Vale anotar que las alusiones efectuadas por los encuestados acerca del mal estado de los inmuebles y de los espacios públicos, las constantes referencias a la inseguridad y a la degradación del tejido social corroboran dicho panorama, erigiéndose de esta forma en testimonios fehacientes de la incapacidad de la administración local de articular los proyectos reseñados con las necesidades de la comunidad. Los procesos de pauperización y de desarraigo de la población son, en este sentido, la máxima expresión de las cuestiones irresueltas en materia de política pública.
Un tópico que sobresale dentro de este marco, por constituirse en una veta de análisis para estudios posteriores, es la ausencia de una identificación regional por parte de los ciudadanos que respondieron la encuesta. Hay dos explicaciones factibles a este fenómeno: la primera, que aunque desde el Decreto de 469 de 2003 Bogotá se piensa en articulación con la región, los pasos dados al respecto han sido modestos y han sufrido diversos contratiempos, como está sucediendo con el Regiotram del Norte.
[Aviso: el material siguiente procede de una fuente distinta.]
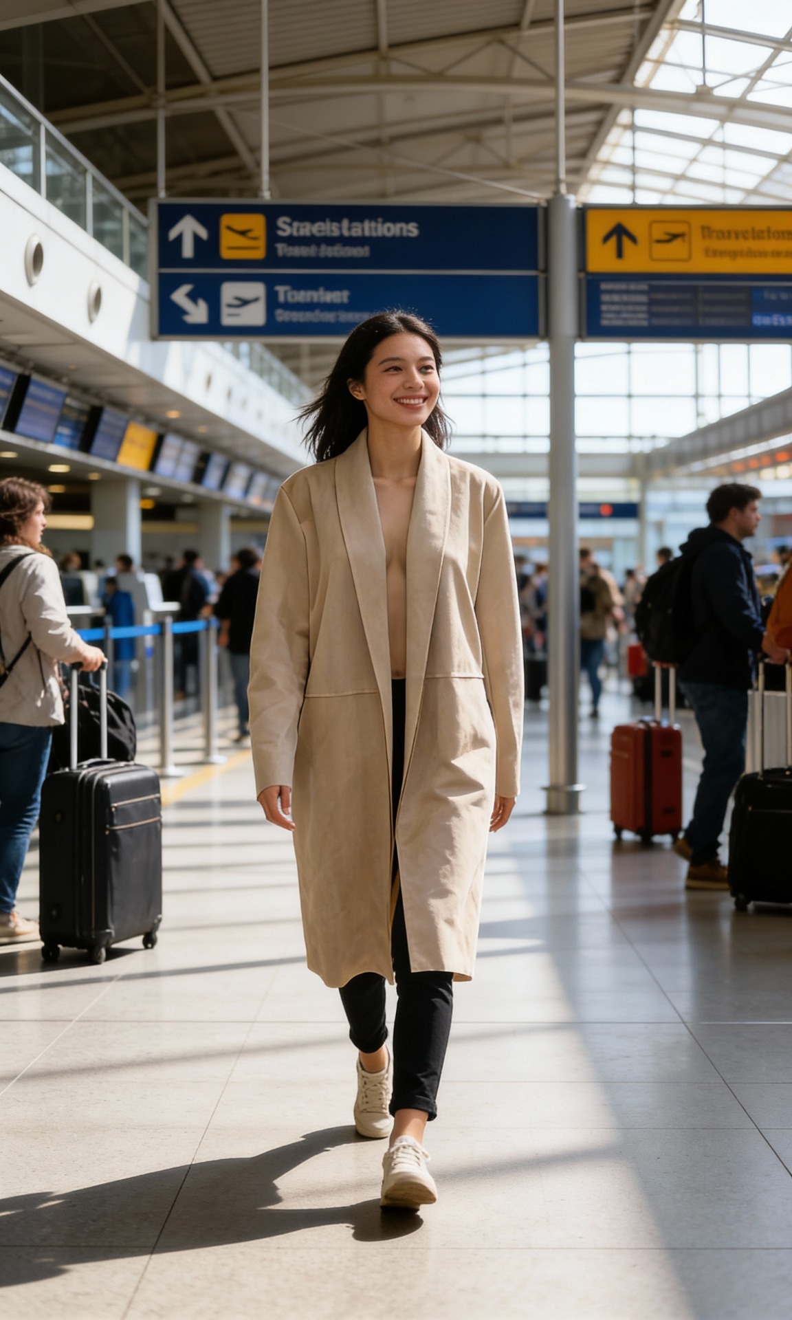 Lang vest met zakken, zachte stof in roze ,blauw, wit of beige Maat large

La segunda, que tradicionalmente la capitalidad de Bogotá se vincula con la nación antes que con el departamento. La capital del país es también la capital de los cundinamarqueses, pero la percepción que se ha tenido de la urbe a lo largo de su historia tiende a homogeneizar a todos los colombianos, sin individualizarlos regionalmente.
Interesa recalcar, por último, que la tarea pendiente de la administración distrital en el ámbito patrimonial radica en lograr articular la planificación con la inclusión, en aras de garantizar la sostenibilidad. Las políticas públicas que se formulen, implemente y evalúen en lo concerniente al patrimonio cultural bogotano deben, indefectiblemente, crear escenarios de diálogo con la comunidad en los que ese enfoque inclusivo no solo se manifieste en promover el respeto a la diversidad cultural o en incentivar la participación local, sino también en estimular y difundir el conocimiento histórico de la ciudad, sin hacer una instrumentalización política de ello. Como se mostró en este artículo, en el medio capitalino todavía no se ha podido trascender el discurso retórico que exalta, pero que a la vez invisibiliza, la relación patrimonio cultural e identidad.